Credenti e atei, un dialogo per ritrovarsi

Anticipiamo un brano dell’intervento su “Jesus” del cardinale Gianfranco Ravasi, presidente del Pontificio consiglio della cultura che promuove il “Cortile dei Gentili”, dialogo tra credenti e atei.
Il primo incontro sarà a Bologna, organizzato dall’Università, il 12 febbraio Credenti e non credenti stanno su territori differenti, ma non si devono rinserrare in un isolazionismo sacrale o laico, ignorandosi o peggio scagliandosi sberleffi o accuse, come vorrebbero i fondamentalisti di entrambi gli schieramenti.
Certo, non si devono appiattire le differenze.
Ognuno ha i piedi piantati in un “cortile” separato, ma i pensieri e le parole, le opere e le scelte possono confrontarsi e persino incontrarsi.

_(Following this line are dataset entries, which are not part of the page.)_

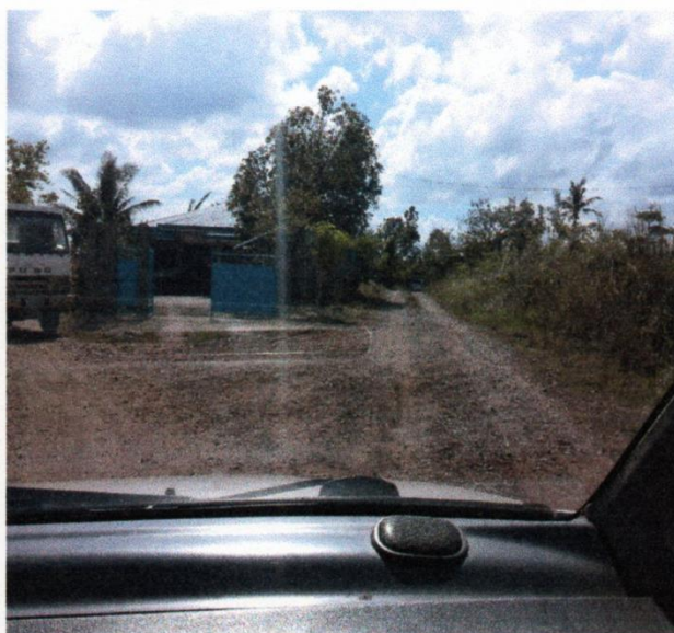
Old Road at Guibang, Gamu, Isabela
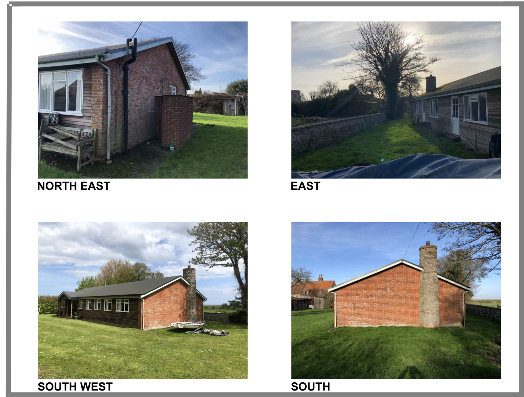
PHOTOS OF EXISTING DWELLING
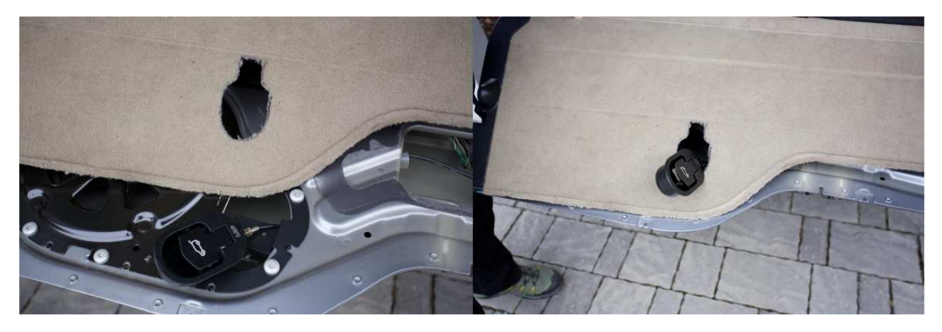
Install the handle to the bracket using the supplied M5x18 screws:

Position the panel trim by letting the handle come out by hole just made and secure it by pressing at the various clips:

Ricorrendo a un gioco di parole assonanti (ma non di etimologie), tra Cristiani e Gentili si potrebbe adottare la tecnica del duello (dal latino bellum), in uno scontro all’arma bianca, alla maniera del giansenista e del gesuita del film La Via Lattea di Buñuel.
Quello che il progetto denominato “Cortile dei Gentili” vuole proporre è, invece, un duetto (dal latino duo) ove le voci possono appartenere anche agli antipodi sonori eppure riescono a creare armonia, senza per questo rinunciare alla propria identità, cioè, fuor di metafora, senza scolorirsi in un vago sincretismo ideologico.
Da un lato, i “Gentili” devono ritrovare quella nobiltà ideale così com’era espressa dai grandi sistemi “ateistici” (pensiamo a Marx o alla celebre parabola sul Dio morto della Gaia scienza di Nietzsche o ai versi di Heine: «Non sentite la campanella? In ginocchio! Si portano i sacramenti a un Dio che muore»), prima che venissero incapsulati in sistemi politico-ideologici o piombassero nello scetticismo e nell’idolatria delle cose o degenerassero nell’ateismo sprezzante, sarcastico e infantilmente dissacratorio.
D’altro lato, la fede deve ritrovare la sua grandezza, manifestata in secoli di pensiero alto e in una visione compiuta dell’essere e dell’esistere, evitando le scorciatoie del devozionalismo o del fondamentalismo e rivelando che la teologia ha un suo rigoroso statuto metodologico parallelo e specifico rispetto a quello della scienza.